---------- Provided material ----------

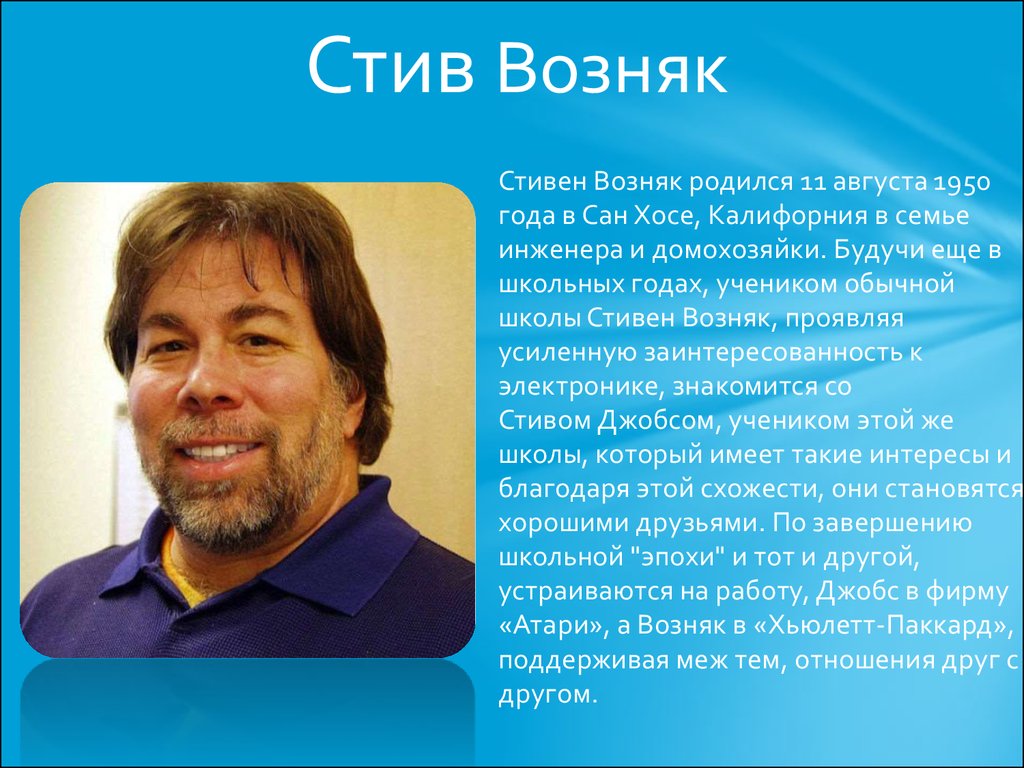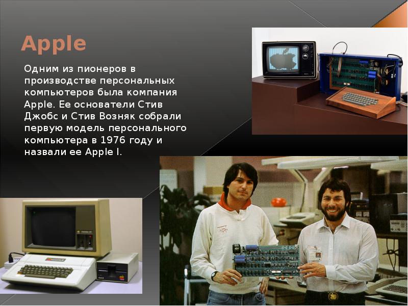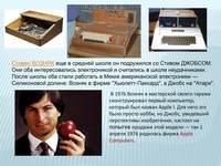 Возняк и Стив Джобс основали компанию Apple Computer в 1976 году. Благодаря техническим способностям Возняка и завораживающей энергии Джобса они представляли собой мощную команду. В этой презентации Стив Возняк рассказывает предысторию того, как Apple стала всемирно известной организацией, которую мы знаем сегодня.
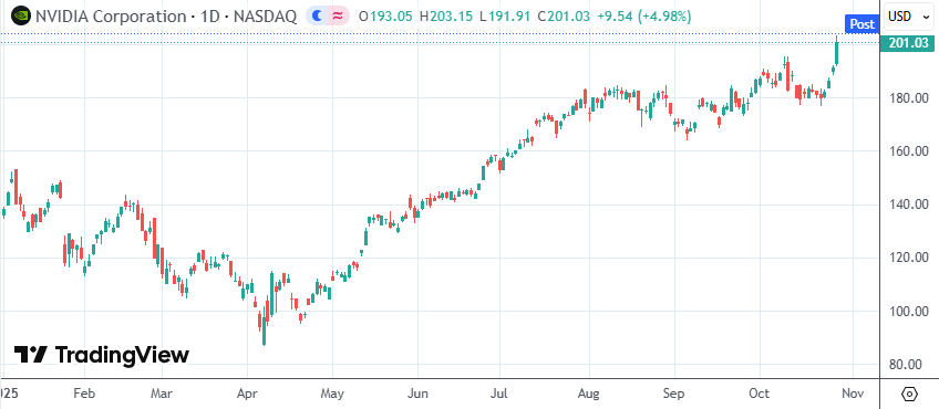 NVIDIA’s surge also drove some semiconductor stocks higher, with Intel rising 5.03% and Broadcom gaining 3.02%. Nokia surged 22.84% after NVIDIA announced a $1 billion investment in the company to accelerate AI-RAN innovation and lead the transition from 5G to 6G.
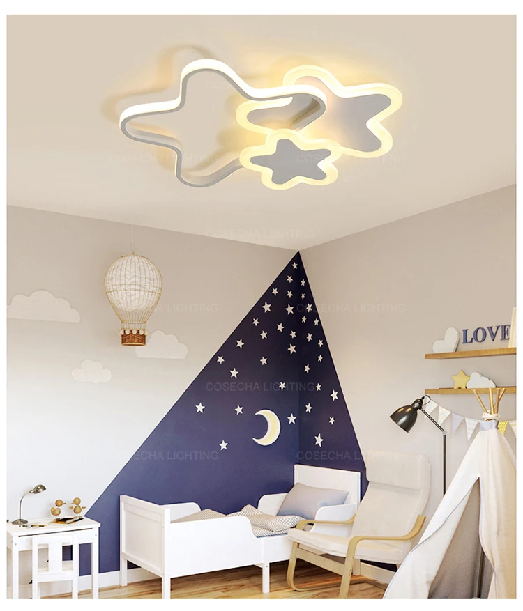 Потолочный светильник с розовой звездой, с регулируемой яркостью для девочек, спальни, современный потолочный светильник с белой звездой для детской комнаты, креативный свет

----------

→ Your assignment: Output the data above exactly; pictures do not belong in the copy.

→ Response:
 Возняк и Стив Джобс основали компанию Apple Computer в 1976 году. Благодаря техническим способностям Возняка и завораживающей энергии Джобса они представляли собой мощную команду. В этой презентации Стив Возняк рассказывает предысторию того, как Apple стала всемирно известной организацией, которую мы знаем сегодня.
 NVIDIA’s surge also drove some semiconductor stocks higher, with Intel rising 5.03% and Broadcom gaining 3.02%. Nokia surged 22.84% after NVIDIA announced a $1 billion investment in the company to accelerate AI-RAN innovation and lead the transition from 5G to 6G.
 Потолочный светильник с розовой звездой, с регулируемой яркостью для девочек, спальни, современный потолочный светильник с белой звездой для детской комнаты, креативный свет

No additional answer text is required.